:: Entries provided ::

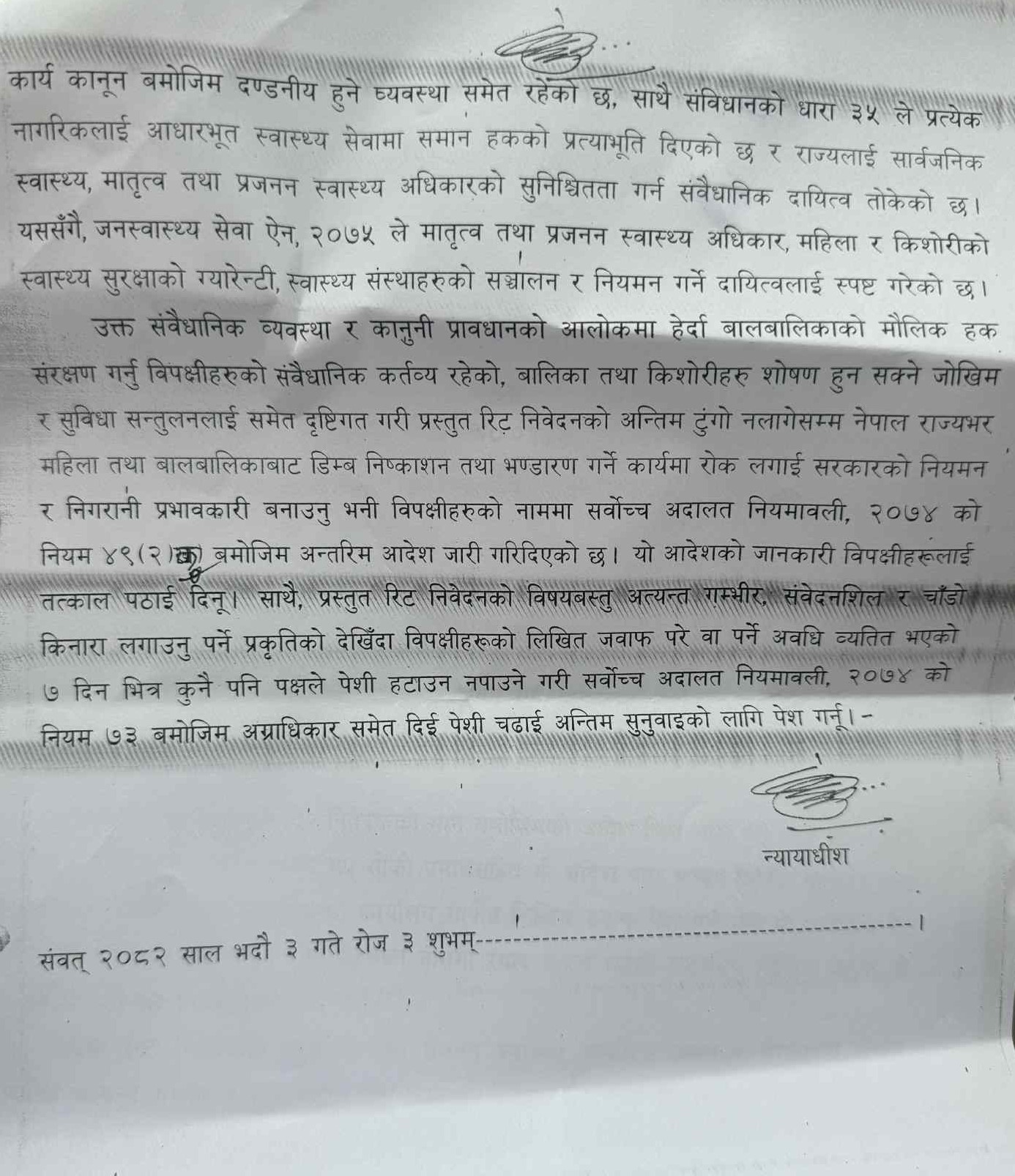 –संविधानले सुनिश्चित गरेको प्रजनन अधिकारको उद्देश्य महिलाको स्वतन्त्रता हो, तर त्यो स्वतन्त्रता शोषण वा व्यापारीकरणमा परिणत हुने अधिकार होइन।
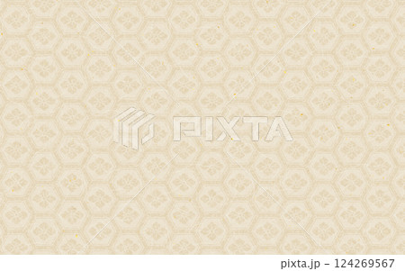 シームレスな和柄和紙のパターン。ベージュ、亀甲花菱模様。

...

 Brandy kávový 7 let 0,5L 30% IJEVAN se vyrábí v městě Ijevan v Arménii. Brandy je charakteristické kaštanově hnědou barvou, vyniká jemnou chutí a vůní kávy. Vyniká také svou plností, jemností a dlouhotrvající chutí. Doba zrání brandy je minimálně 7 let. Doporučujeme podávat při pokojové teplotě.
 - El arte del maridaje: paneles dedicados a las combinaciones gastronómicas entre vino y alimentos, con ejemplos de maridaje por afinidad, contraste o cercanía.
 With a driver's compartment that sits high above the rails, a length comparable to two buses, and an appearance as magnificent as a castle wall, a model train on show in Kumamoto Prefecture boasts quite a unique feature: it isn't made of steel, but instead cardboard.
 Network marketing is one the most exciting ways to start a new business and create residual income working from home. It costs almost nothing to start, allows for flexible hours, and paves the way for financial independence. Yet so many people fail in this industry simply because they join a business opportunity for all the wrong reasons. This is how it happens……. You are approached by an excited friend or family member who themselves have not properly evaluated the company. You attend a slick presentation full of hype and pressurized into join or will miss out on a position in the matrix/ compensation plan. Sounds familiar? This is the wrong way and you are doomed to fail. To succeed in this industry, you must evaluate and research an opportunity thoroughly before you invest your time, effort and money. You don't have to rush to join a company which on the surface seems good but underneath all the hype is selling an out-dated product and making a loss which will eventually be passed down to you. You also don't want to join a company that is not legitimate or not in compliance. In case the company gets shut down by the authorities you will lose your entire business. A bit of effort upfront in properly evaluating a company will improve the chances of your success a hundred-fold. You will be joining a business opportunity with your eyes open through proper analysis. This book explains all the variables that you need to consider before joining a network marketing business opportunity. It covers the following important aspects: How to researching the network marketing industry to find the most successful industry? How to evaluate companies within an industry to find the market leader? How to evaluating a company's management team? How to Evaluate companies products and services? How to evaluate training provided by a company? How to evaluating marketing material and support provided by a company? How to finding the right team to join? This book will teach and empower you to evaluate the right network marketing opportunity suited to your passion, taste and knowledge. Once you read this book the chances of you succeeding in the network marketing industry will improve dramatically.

:: Directions for this task ::
Look above for the line with "हुने अधिकार होइन।", then print it and each line after it down to and including the line with "シームレスな和柄和紙のパターン。ベージュ、亀甲花菱模様。". Leave out the pictures and keep the wording exact.

:: Worked solution ::
 –संविधानले सुनिश्चित गरेको प्रजनन अधिकारको उद्देश्य महिलाको स्वतन्त्रता हो, तर त्यो स्वतन्त्रता शोषण वा व्यापारीकरणमा परिणत हुने अधिकार होइन।
 シームレスな和柄和紙のパターン。ベージュ、亀甲花菱模様。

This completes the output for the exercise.